HOW TO COMPLETE THIS TASK:
After dropping the pictures, give again exactly the lines of the data from its first line through the line with "1、坐在椅子前缘1/3处,双腿上各放等重哑铃。", which is included as well.
___ DATA FOR THIS EXERCISE ___
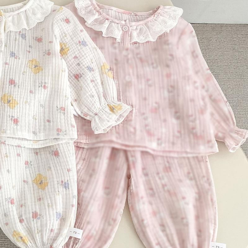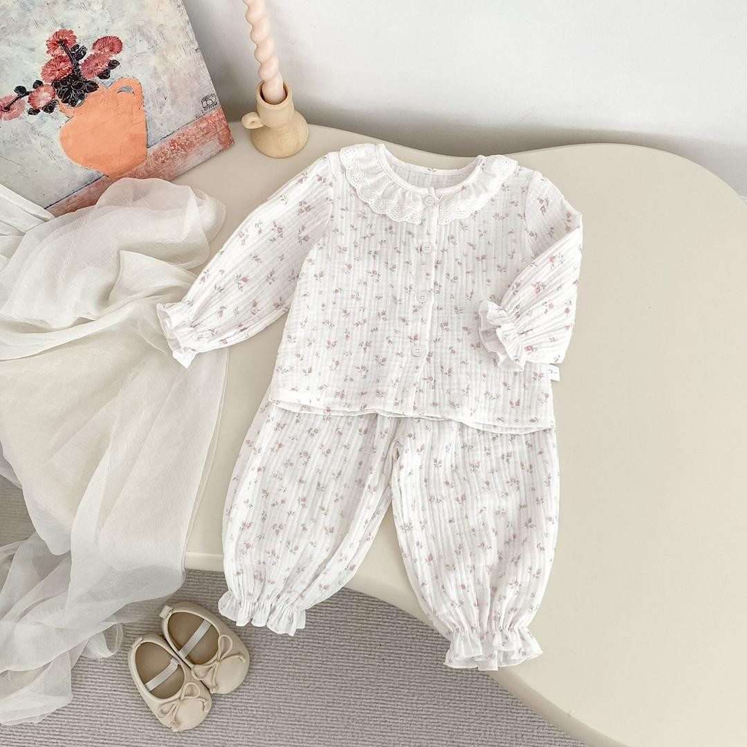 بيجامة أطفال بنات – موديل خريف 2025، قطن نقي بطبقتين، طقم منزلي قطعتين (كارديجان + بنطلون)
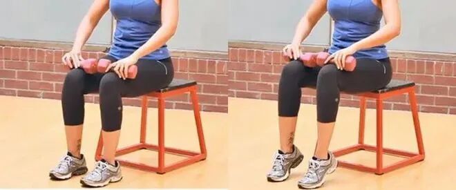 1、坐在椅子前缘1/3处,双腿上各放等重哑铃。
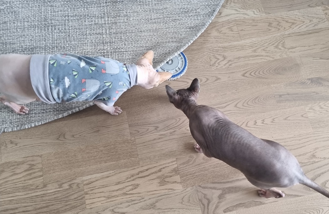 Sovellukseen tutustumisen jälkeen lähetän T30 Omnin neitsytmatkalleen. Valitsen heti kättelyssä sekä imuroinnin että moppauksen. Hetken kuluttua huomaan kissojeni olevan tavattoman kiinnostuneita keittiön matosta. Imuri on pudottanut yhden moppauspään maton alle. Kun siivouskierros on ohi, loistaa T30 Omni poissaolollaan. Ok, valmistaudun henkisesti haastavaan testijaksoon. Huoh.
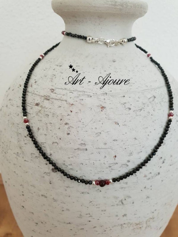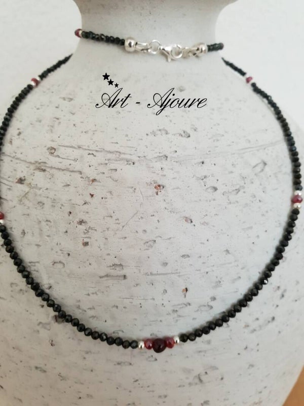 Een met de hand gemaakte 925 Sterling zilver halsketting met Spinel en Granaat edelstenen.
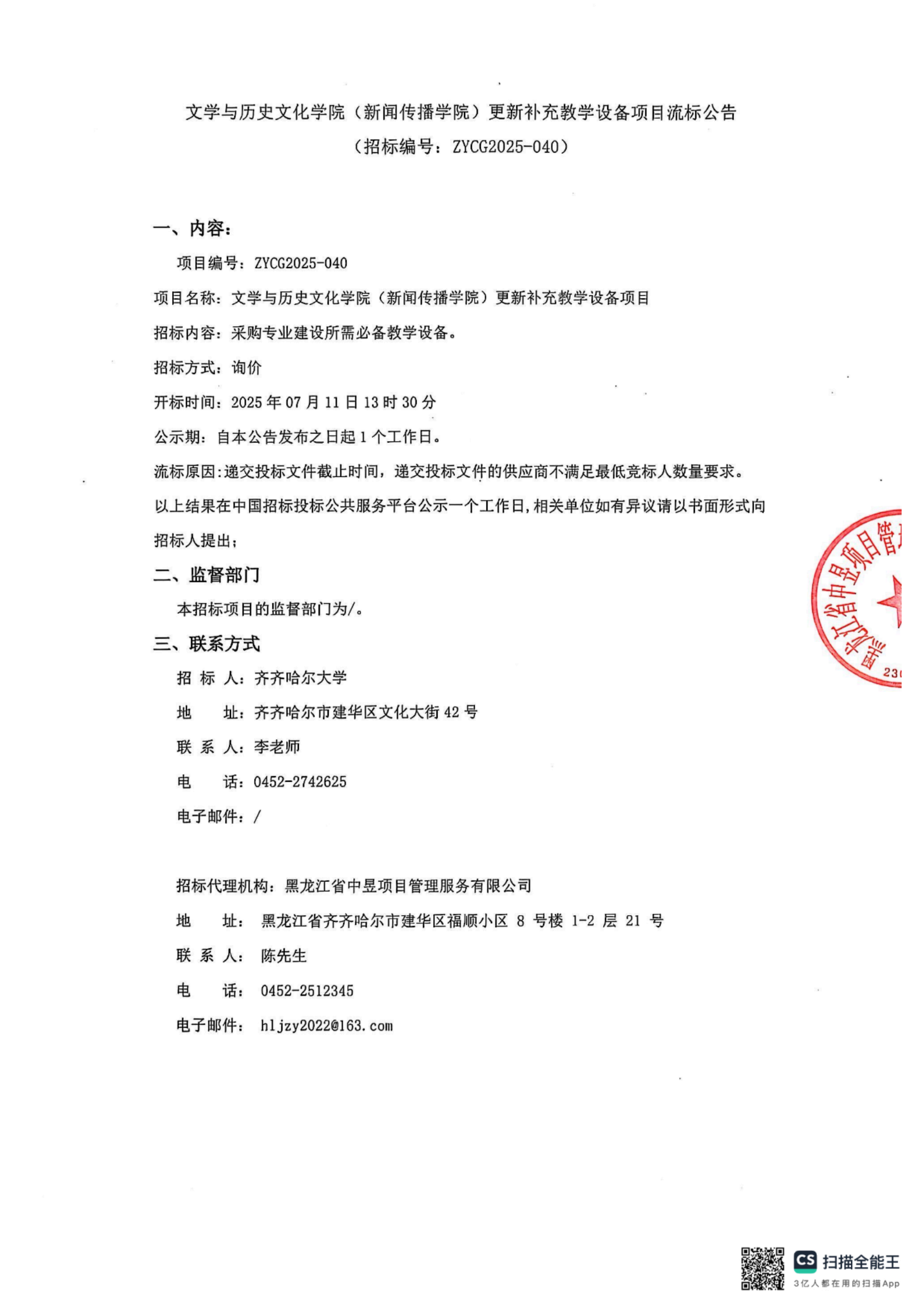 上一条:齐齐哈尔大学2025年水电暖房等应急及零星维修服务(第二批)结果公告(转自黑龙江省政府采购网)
___
WRITTEN SOLUTION:
 بيجامة أطفال بنات – موديل خريف 2025، قطن نقي بطبقتين، طقم منزلي قطعتين (كارديجان + بنطلون)
 1、坐在椅子前缘1/3处,双腿上各放等重哑铃。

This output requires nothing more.